Data excerpts

__________

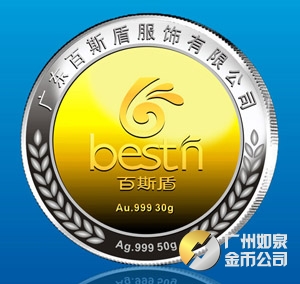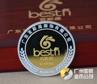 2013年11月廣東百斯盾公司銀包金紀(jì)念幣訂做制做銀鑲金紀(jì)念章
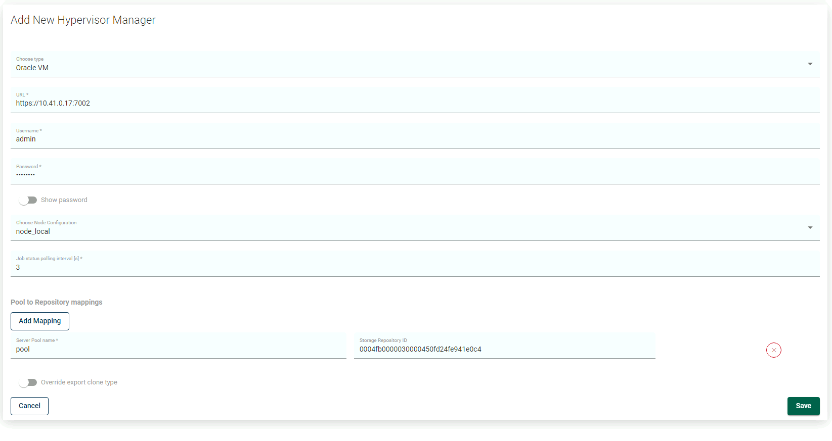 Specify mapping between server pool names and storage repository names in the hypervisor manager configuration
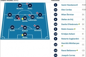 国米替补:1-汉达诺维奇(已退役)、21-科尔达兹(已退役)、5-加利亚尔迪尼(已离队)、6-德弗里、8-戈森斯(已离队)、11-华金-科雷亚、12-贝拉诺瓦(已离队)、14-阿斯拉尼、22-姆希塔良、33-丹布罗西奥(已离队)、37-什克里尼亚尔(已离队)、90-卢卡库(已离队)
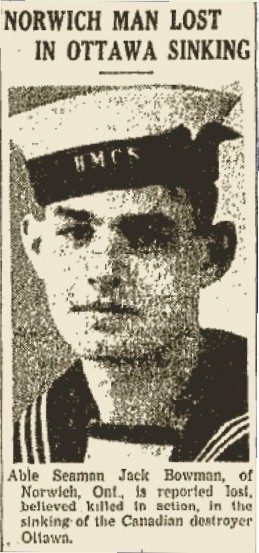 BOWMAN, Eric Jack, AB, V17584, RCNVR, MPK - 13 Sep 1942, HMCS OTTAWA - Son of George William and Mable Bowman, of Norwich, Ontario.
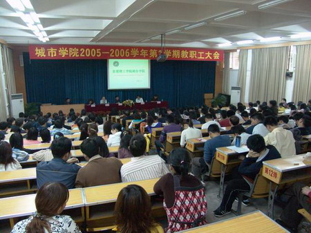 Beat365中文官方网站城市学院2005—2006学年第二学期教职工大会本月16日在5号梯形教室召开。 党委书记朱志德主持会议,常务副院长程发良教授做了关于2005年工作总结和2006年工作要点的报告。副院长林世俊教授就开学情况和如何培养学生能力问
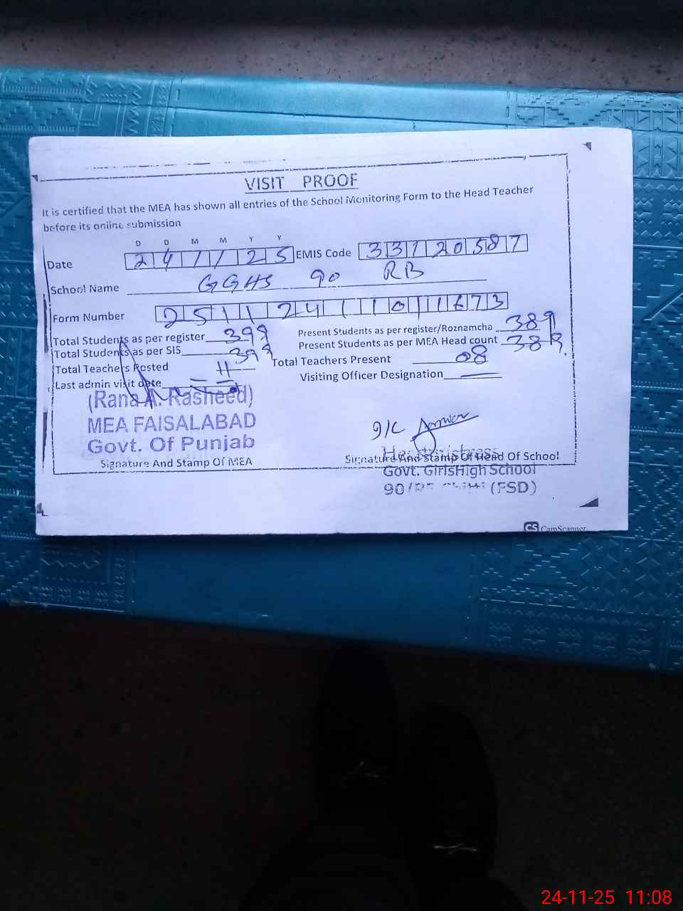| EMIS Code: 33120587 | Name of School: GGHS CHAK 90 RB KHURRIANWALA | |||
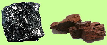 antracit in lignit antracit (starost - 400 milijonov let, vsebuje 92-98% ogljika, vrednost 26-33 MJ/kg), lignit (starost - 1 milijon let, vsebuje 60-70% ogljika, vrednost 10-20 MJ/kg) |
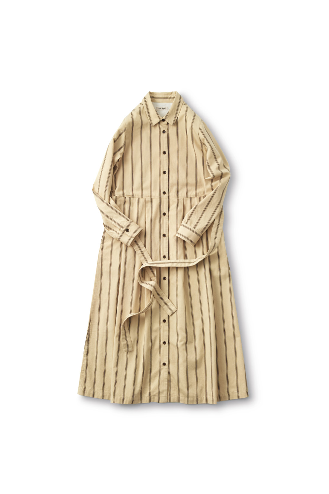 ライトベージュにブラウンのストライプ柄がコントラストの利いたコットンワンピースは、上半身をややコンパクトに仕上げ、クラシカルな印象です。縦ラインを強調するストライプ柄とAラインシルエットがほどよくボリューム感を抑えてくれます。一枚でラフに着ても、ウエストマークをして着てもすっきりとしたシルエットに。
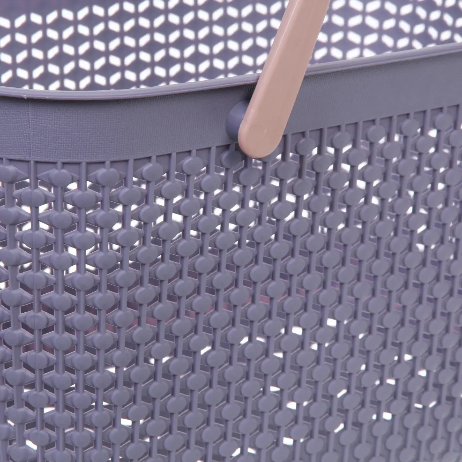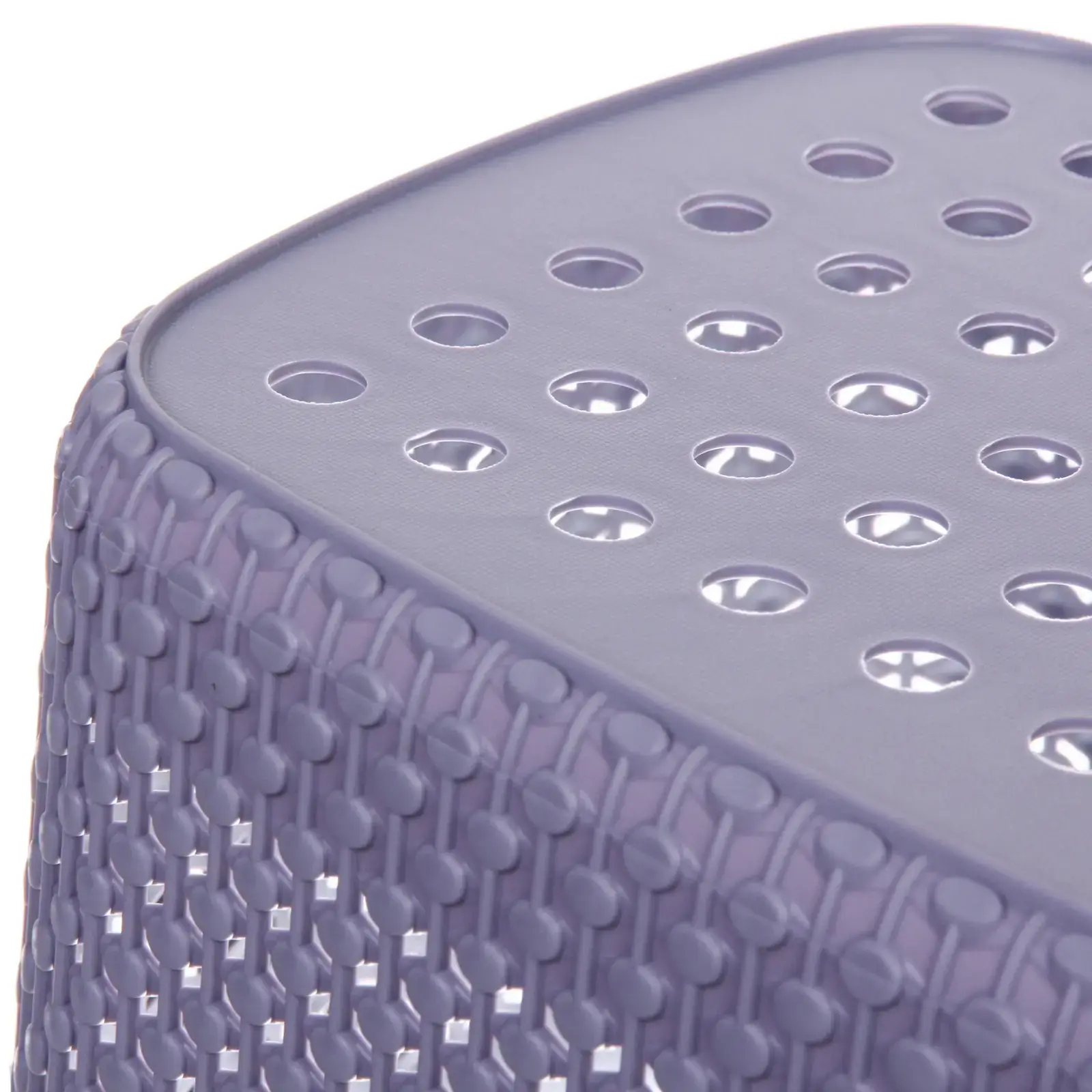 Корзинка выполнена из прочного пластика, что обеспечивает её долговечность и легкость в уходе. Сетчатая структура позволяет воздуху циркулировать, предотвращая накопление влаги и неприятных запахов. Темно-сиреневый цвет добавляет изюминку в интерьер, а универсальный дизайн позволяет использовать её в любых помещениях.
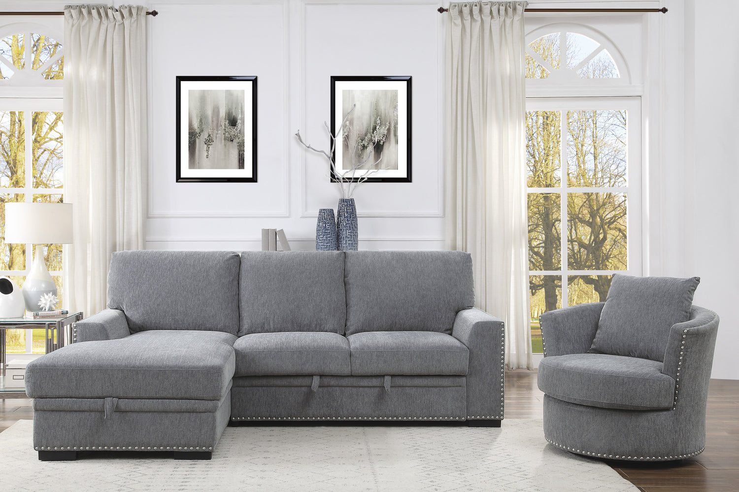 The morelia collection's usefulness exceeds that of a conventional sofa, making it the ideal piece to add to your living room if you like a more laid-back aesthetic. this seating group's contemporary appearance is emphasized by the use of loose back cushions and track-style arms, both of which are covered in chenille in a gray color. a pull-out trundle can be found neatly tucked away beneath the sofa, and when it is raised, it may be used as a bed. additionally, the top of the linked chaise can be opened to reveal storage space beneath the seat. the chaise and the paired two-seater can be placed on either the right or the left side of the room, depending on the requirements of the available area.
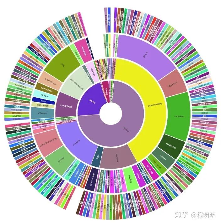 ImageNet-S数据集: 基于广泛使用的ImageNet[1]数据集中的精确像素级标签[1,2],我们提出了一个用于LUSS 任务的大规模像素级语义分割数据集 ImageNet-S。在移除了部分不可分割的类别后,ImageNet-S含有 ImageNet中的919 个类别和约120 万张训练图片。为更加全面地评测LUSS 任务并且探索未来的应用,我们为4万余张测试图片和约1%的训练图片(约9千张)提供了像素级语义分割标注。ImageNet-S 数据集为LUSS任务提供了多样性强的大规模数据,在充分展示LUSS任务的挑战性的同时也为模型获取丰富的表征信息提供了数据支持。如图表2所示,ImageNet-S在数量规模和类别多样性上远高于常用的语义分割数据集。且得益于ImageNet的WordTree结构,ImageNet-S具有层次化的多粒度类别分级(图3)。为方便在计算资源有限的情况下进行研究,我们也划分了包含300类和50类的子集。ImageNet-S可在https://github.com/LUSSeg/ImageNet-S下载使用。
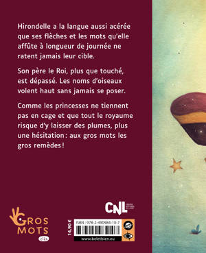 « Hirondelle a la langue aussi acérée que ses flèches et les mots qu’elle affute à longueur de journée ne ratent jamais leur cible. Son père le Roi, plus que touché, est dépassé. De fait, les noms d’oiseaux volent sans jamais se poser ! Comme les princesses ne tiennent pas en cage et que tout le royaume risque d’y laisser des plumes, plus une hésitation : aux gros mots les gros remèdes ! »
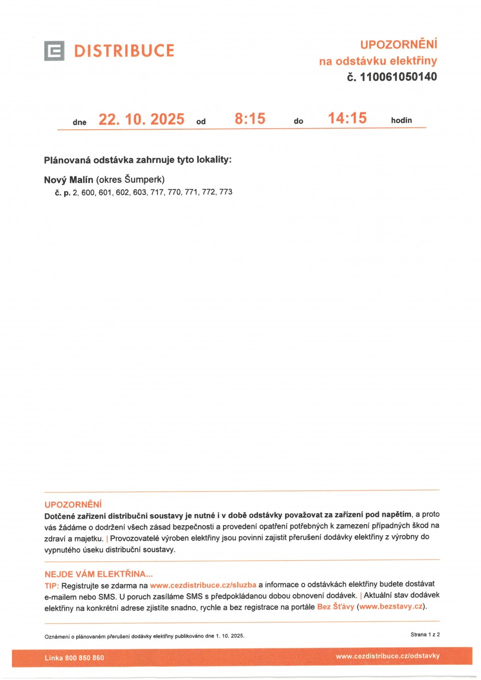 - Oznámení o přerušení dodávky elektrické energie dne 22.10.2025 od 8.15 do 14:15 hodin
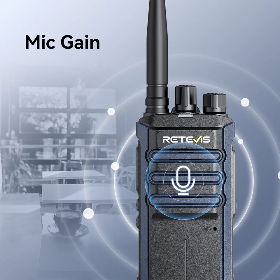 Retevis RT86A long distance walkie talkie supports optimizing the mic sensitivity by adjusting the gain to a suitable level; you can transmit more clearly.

__________

Please output all the records above exactly, leaving out every picture.

REPLY TO THE EXERCISE:
 2013年11月廣東百斯盾公司銀包金紀(jì)念幣訂做制做銀鑲金紀(jì)念章
 Specify mapping between server pool names and storage repository names in the hypervisor manager configuration
 国米替补:1-汉达诺维奇(已退役)、21-科尔达兹(已退役)、5-加利亚尔迪尼(已离队)、6-德弗里、8-戈森斯(已离队)、11-华金-科雷亚、12-贝拉诺瓦(已离队)、14-阿斯拉尼、22-姆希塔良、33-丹布罗西奥(已离队)、37-什克里尼亚尔(已离队)、90-卢卡库(已离队)
 BOWMAN, Eric Jack, AB, V17584, RCNVR, MPK - 13 Sep 1942, HMCS OTTAWA - Son of George William and Mable Bowman, of Norwich, Ontario.
 Beat365中文官方网站城市学院2005—2006学年第二学期教职工大会本月16日在5号梯形教室召开。 党委书记朱志德主持会议,常务副院长程发良教授做了关于2005年工作总结和2006年工作要点的报告。副院长林世俊教授就开学情况和如何培养学生能力问
| EMIS Code: 33120587 | Name of School: GGHS CHAK 90 RB KHURRIANWALA | |||
 antracit in lignit antracit (starost - 400 milijonov let, vsebuje 92-98% ogljika, vrednost 26-33 MJ/kg), lignit (starost - 1 milijon let, vsebuje 60-70% ogljika, vrednost 10-20 MJ/kg) |
 ライトベージュにブラウンのストライプ柄がコントラストの利いたコットンワンピースは、上半身をややコンパクトに仕上げ、クラシカルな印象です。縦ラインを強調するストライプ柄とAラインシルエットがほどよくボリューム感を抑えてくれます。一枚でラフに着ても、ウエストマークをして着てもすっきりとしたシルエットに。
 Корзинка выполнена из прочного пластика, что обеспечивает её долговечность и легкость в уходе. Сетчатая структура позволяет воздуху циркулировать, предотвращая накопление влаги и неприятных запахов. Темно-сиреневый цвет добавляет изюминку в интерьер, а универсальный дизайн позволяет использовать её в любых помещениях.
 The morelia collection's usefulness exceeds that of a conventional sofa, making it the ideal piece to add to your living room if you like a more laid-back aesthetic. this seating group's contemporary appearance is emphasized by the use of loose back cushions and track-style arms, both of which are covered in chenille in a gray color. a pull-out trundle can be found neatly tucked away beneath the sofa, and when it is raised, it may be used as a bed. additionally, the top of the linked chaise can be opened to reveal storage space beneath the seat. the chaise and the paired two-seater can be placed on either the right or the left side of the room, depending on the requirements of the available area.
 ImageNet-S数据集: 基于广泛使用的ImageNet[1]数据集中的精确像素级标签[1,2],我们提出了一个用于LUSS 任务的大规模像素级语义分割数据集 ImageNet-S。在移除了部分不可分割的类别后,ImageNet-S含有 ImageNet中的919 个类别和约120 万张训练图片。为更加全面地评测LUSS 任务并且探索未来的应用,我们为4万余张测试图片和约1%的训练图片(约9千张)提供了像素级语义分割标注。ImageNet-S 数据集为LUSS任务提供了多样性强的大规模数据,在充分展示LUSS任务的挑战性的同时也为模型获取丰富的表征信息提供了数据支持。如图表2所示,ImageNet-S在数量规模和类别多样性上远高于常用的语义分割数据集。且得益于ImageNet的WordTree结构,ImageNet-S具有层次化的多粒度类别分级(图3)。为方便在计算资源有限的情况下进行研究,我们也划分了包含300类和50类的子集。ImageNet-S可在https://github.com/LUSSeg/ImageNet-S下载使用。
 « Hirondelle a la langue aussi acérée que ses flèches et les mots qu’elle affute à longueur de journée ne ratent jamais leur cible. Son père le Roi, plus que touché, est dépassé. De fait, les noms d’oiseaux volent sans jamais se poser ! Comme les princesses ne tiennent pas en cage et que tout le royaume risque d’y laisser des plumes, plus une hésitation : aux gros mots les gros remèdes ! »
 - Oznámení o přerušení dodávky elektrické energie dne 22.10.2025 od 8.15 do 14:15 hodin
 Retevis RT86A long distance walkie talkie supports optimizing the mic sensitivity by adjusting the gain to a suitable level; you can transmit more clearly.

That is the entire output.